Johnson overtook Kyle Busch for the third position on lap 291. Seven laps later, Truex's lead of eight-tenths of a second was reduced to nothing with the waving of the fourth caution, when Labonte after turn four. During the caution, several cars made pit stops for tires and car adjustments. Truex maintained his lead at the lap 303 restart, with Kyle Busch second and Johnson third. Johnson passed Kyle Busch for second place on the 304th lap, as Logano fell to seventh behind Hamlin, Kahne and Newman to around the same time. Three laps later, Smith spun in turn four, prompting the fifth caution. Several drivers (including Truex) went to pit road for fuel. Johnson switched his car on and off in order to conserve fuel upon the orders of his crew chief Chad Knaus, and led at the lap 311 restart. He held it for one lap as Kyle Busch passed him on the 312th lap. On the next lap, Johnson attempted a crossover maneuver on Kyle Busch, but he did not retake the lead. On lap 316, the sixth caution was shown, as Jamie McMurray and Allmendinger crashed in turn four. During the caution, several cars went to pit road. Kyle Busch used the outside lane to hold the lead at the restart on lap 319. Johnson passed Kyle Busch for the lead on lap 325. Six laps later, Reed Sorenson spun sideways leaving the fourth turn, triggering the seventh caution.

Johnson led the field back to racing speed on the lap 334 restart. Stewart got into second by running on the outside lane by the following lap. Truex lost sixth place to Biffle on lap 336. 13 laps later, Edwards got ahead of Kahne to advance into seventh. As Johnson increased his lead over Stewart to almost a second by going half a mile faster than him, Kurt Busch hit the wall after his tire went flat on lap 361, and was sent into Newman's path, prompting the eighth (and final) caution. The race restarted on lap 367 for a green–white–checkered finish extending the race to 368 laps, with Johnson leading Stewart in second and Hamlin third.

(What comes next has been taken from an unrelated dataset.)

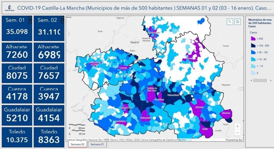 Según los datos publicados por Salud Pública, en Alcázar de San Juan se han registrado, en la primera semana del año, 528 casos (del 3 al 9 de enero); y en la segunda 591 (del 10 al 16 de enero). La incidencia acumulada en la última semana es de 1.920,95 casos por 100.000 habitantes, periodo en el que ya se computa Reyes Magos.

Johnson achieved a fast getaway, and Hamlin overtook Stewart (who had fuel pressure problems) around the outside for second place. Johnson held the lead to clinch his first victory of the season, his third at Darlingon Raceway, and the 56th of his career. It was the 200th victory for Hendrick Motorsports in NASCAR Cup Series competition since Geoff Bodine won the 1984 Sovran Bank 400. Hamlin finished second, Stewart third, Kyle Busch fourth and Truex fifth. Kenseth, Edwards, Kahne, Ambrose, and Logano rounded out the top ten finishers. There were 22 lead changes among eight different drivers during the course of the race. Johnson's 134 laps led was the most of any competitor.

===Post-race===

"I can't believe we won 200, I can't believe it took this long after 199. I am kind of numb, but I am glad it is over. I think we are going to win a few more now."
— Hendrick Motorsports owner and founder Rick Hendrick on Johnson taking his team's 200th victory.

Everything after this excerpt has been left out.